Запустил мотор и, даже не взглянув на берег – ему махали и кричали что-то, – унесся вверх по притоку. И встречный ветер слегка остудил голову, привел в чувство. Заехав на стан, он взял два запасных бака с бензином и снова погнал лодку к залому. Быть такого не могло, чтобы люди ходили, не оставляя следов, или делались вовсе невидимыми! Просто он впопыхах, да еще ночью, при фонарике, не заметил, сосредоточился на другой задаче – устроить засаду, и что-то упустил, недосмотрел. Да и Женя – не кукла, не покорная безропотная отроковица, которую ведут в плен; даже если ее связали, заткнули рот, посадили в мешок, все равно должна дать какой-нибудь знак, мету оставить, зная, что он будет искать. Пусть даже вначале испугается, потеряет самообладание, но обязательно придет в себя, и очень скоро. Первый разряд по пулевой стрельбе не получить, не имея упорства, хладнокровия и выдержки. Даже если у тебя муж – мастер спорта международного класса…

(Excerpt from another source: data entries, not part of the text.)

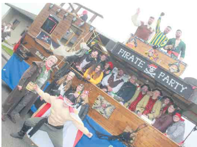
Die wilden Piraten des SV Alemannia Rommelsheim
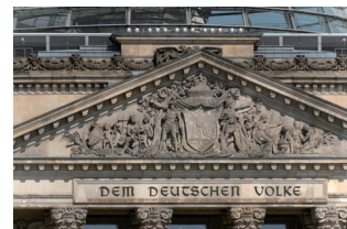
Exposition : 1/3200 s, F/6.3, ISO 400
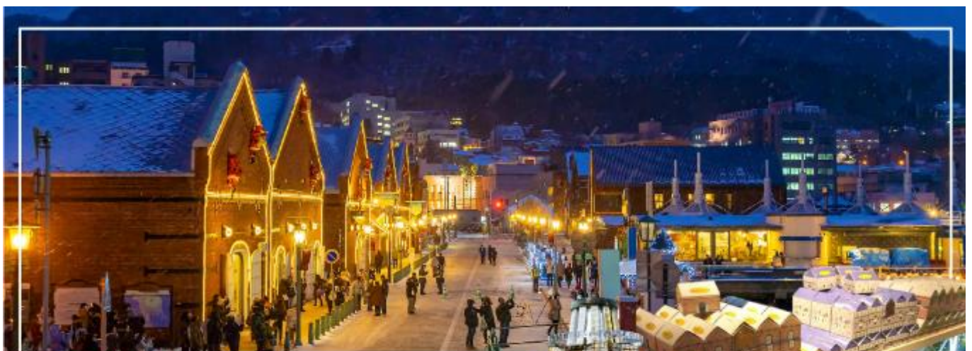
KANEMORI RED BRICK WAREHOUSE โกดังอิฐแดง

อิสระให้ท่านเดินเล่น ณ โกดังอิฐแดงริมน้ำ (Red Brick Warehouses) ได้ปรับปรุงมาจากคลังสินค้าอิฐแดงที่เคยใช้ค้าขายในปลายสมัยเอโดะ ตั้งอยู่ริมแม่น้ำของอ่าวสาโกดาเตะ ศูนย์รวมแหล่งช้อปปิ้ง ร้านอาหาร และสถานบันเทิงที่ให้บรรยากาศเก่าๆ นอกจากนี้ร้านขายของที่ระลึกที่ทันสมัย เสื้อผ้าแฟชั่น ร้านขายอุปกรณ์ตกแต่งบ้าน และร้านขนมหวานแล้ว ยังมีร้านอาหาร ลานเบียร์ โบสถ์สำหรับจัดพิธีแต่งงาน และบริการล่องเรือเพื่อชมวิวทิวทัศน์ของอ่าวสาโกดาเตะอีกด้วย
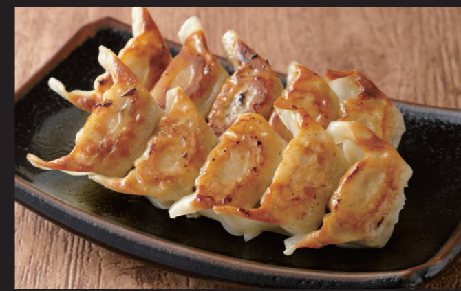
餃子 ¥990 Gyoza
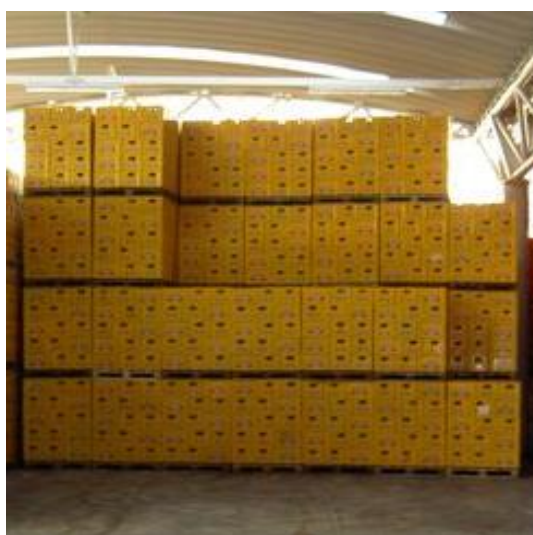
Slika 8. Slaganje ambalaže na 4 u vis

Ambalaža / nosiljke slaže se četiri palete u vis. Na području oko fermentora, ali i na svim područjima gdje postoji mogućnost pada ambalaže preko ograde slaže se po principu stepenica (1. red uz ogradu - 2 palete u vis, 2. red uz ogradu - 3 palete u vis, 3. red i svaki sljedeći - 4 palete u vis). Skladištenje pored pješačkih staza dozvoljeno je samo po principu stepenica
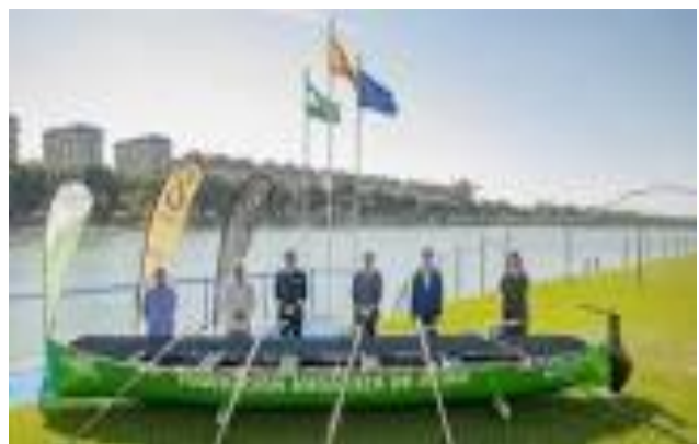
Sevilla International Rowing Master Regatta

Хотя бы веточку заломила, отпечаток сапога оставила!

Он причалил не к берегу, а к залому, привязал лодку и поднялся наверх. Он не считал себя особо одаренным следопытом, но с детства занимался охотой, на пару со своим одноклассником, который потом закончил институт и стал охотоведом района. И уже работая геологом, занятия этого не оставил, зимой с бригадой бегал за сохатыми по старым вырубам вокруг Гнилой Прорвы, весной ходил на глухариные тока, а летом, в маршрутах, добыл двух медведей с лабазов, устроенных в прибрежных черемушниках, куда зверь выходил на кормежку. Распутывать следы было, в общем-то, привычным делом.

Погорельцы могли на обратном пути тащить обласа не берегом, а прямо через эту плотину. Хоть и опаснее, второпях можно и ноги переломать – лесины весной осклизлые, неустойчивые, наступишь – качаются, и сухого ельника, похожего на колючую проволоку, обломанные сучья торчат как гвозди… но зато втрое короче, чем проламываться по кустарникам, заваленным сорой. А кержаки спешили оторваться подальше, пока он вместо драги моет золото на участке…

И что если мотор сломали не похитители – их сообщник, третий, поджидавший на заломе, дабы прикрыть отход, отвлечь на себя внимание, увести по ложному следу? Помог перетащиться через преграду, сам потом засел на берегу, скараулил, когда примчится Рассохин, вырвал провода из катушек, шланг, стартер отрезал и ушел другим путем – сушей, еловой гривой, которая подходит почти к самому залому…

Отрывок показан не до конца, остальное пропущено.